On the question of the extension, it is not a matter of ideology. The law states, and the agreement that the EU reached with us was that it would be possible to get an agreement in this time. As a general rule, we believe that deadlines, particularly in negotiations, concentrate minds; there is a risk that, if you move deadlines in this way, you simply perpetuate the negotiation. People go around the same course again and again.
There is also the point, as Lord Lamont drew out in an earlier set of questions, that maintaining the transition period would mean that the UK would be paying money into the EU—a sum that we can guess at but which is still as yet undetermined.
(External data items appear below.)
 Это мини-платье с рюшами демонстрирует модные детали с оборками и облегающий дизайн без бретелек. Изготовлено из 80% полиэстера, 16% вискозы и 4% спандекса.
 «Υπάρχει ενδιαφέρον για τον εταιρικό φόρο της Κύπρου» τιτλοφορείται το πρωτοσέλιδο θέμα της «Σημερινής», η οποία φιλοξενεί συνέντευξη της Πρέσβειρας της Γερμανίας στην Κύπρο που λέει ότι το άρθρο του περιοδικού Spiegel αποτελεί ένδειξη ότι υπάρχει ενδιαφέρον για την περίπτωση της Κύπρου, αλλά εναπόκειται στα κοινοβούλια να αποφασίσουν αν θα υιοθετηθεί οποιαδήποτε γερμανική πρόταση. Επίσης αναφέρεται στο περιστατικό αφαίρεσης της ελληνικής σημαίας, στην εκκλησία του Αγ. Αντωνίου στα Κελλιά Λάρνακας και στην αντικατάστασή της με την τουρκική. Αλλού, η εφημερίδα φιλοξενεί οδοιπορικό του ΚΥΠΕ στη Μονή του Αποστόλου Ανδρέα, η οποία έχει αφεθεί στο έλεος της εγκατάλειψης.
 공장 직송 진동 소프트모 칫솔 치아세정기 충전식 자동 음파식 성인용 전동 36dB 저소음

As the Covid-19 pandemic comes increasingly under control, as we all hope, we expect the EU to want to see a return to the operation of its rules and laws, and the UK would be subject to them and potentially subject to them in a way that would not be in our interest in a range of areas. So the judgment that we make is one not of ideology but one of practicality, but it is one that I accept that people of principle from different political traditions will disagree with.
Q25 Lord Ricketts: I want to come back briefly to police and judicial co‑operation, which, as Baroness Primarolo said, is fundamental to the safety and security of people. It has not had as much airtime in public, probably, as the trade issues. Obviously, we would become a third country at the end of the transition period. Among all the different EU instruments for co-operation between police and justice, there are different associate member arrangements for different things. No third country is an associate for all of them, and no two third countries have the same set of associate memberships; and, of course, no third country has the same scale of movement of people and, therefore, the need for caseload of crime investigation and counterterrorism as between the UK and the EU. So this is not an area where we can look for an off-the-peg solution from the EU; it has to be a bespoke, negotiated solution. Does that not put further pressure on us, in the very short timescale now available?
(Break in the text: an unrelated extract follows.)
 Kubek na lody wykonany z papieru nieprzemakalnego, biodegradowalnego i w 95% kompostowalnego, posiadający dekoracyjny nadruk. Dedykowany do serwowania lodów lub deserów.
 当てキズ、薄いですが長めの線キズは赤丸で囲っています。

Michael Gove MP: It is certainly the case—and it is a very fair point—that the area least amenable to an instant off-the-peg arrangement is security, but I believe that on both sides there is a willingness to recognise the shared interests that we all have in maximising effective security co‑operation. You are absolutely right that it is the area that requires the greatest degree of give and take on both sides, but I believe that it is in the interests of both to do that. It is a very fair challenge.
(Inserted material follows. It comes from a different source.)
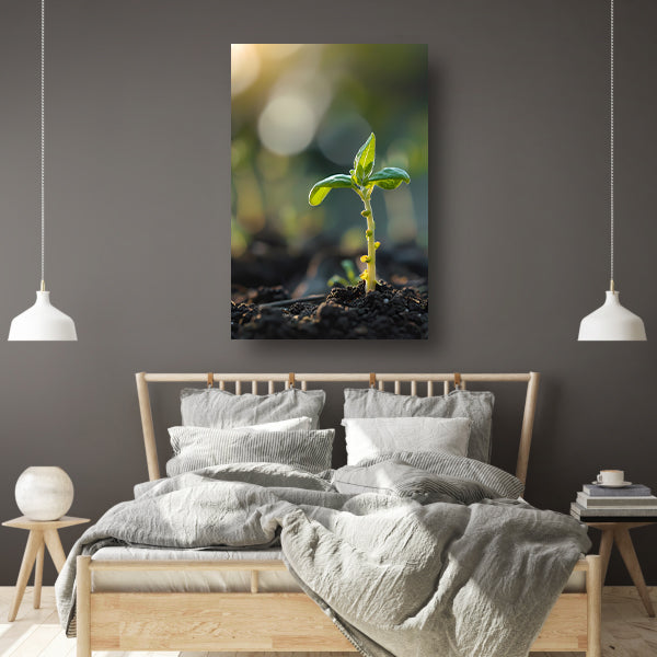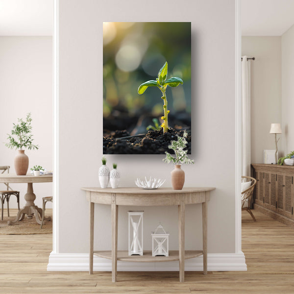 Jonge plant in ochtendzon canvas

The Chair: Thank you very much, Chancellor. You have been most generous with your time, and we are very grateful for that. You are one of the busiest men in Whitehall, with critical roles in the Covid crisis and the Brexit negotiations, so we are doubly grateful. Thank you, too, for the crispness in your answers today, which has enabled us to get through quite a lot of territory. We wish you well in what is going on and look forward very much to seeing you the next time we are together.
Michael Gove MP: Thank you very much. I thank all members of the Committee. I am in your debt.